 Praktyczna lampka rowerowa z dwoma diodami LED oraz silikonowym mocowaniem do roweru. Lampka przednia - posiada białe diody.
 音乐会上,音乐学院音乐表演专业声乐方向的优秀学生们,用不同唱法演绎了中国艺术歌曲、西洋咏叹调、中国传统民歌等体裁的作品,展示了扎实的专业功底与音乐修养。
______________________________
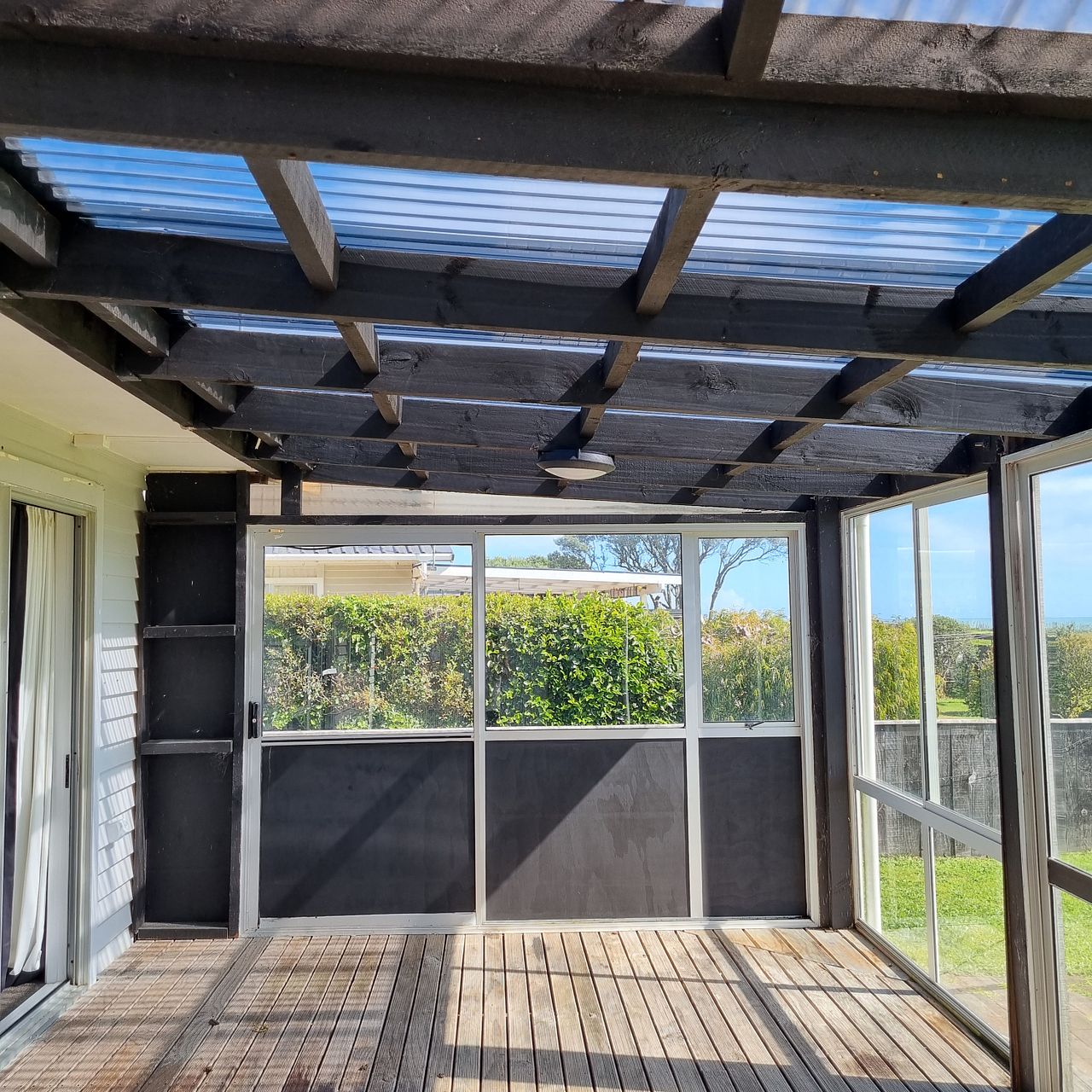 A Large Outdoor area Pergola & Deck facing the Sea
______________________________
** Try it **
For the lines above, output exactly those from the line containing "Praktyczna lampka rowerowa" through the line containing "音乐会上,音乐学院音乐表演专", and skip the others.

** Solved problem **
 Praktyczna lampka rowerowa z dwoma diodami LED oraz silikonowym mocowaniem do roweru. Lampka przednia - posiada białe diody.
 音乐会上,音乐学院音乐表演专业声乐方向的优秀学生们,用不同唱法演绎了中国艺术歌曲、西洋咏叹调、中国传统民歌等体裁的作品,展示了扎实的专业功底与音乐修养。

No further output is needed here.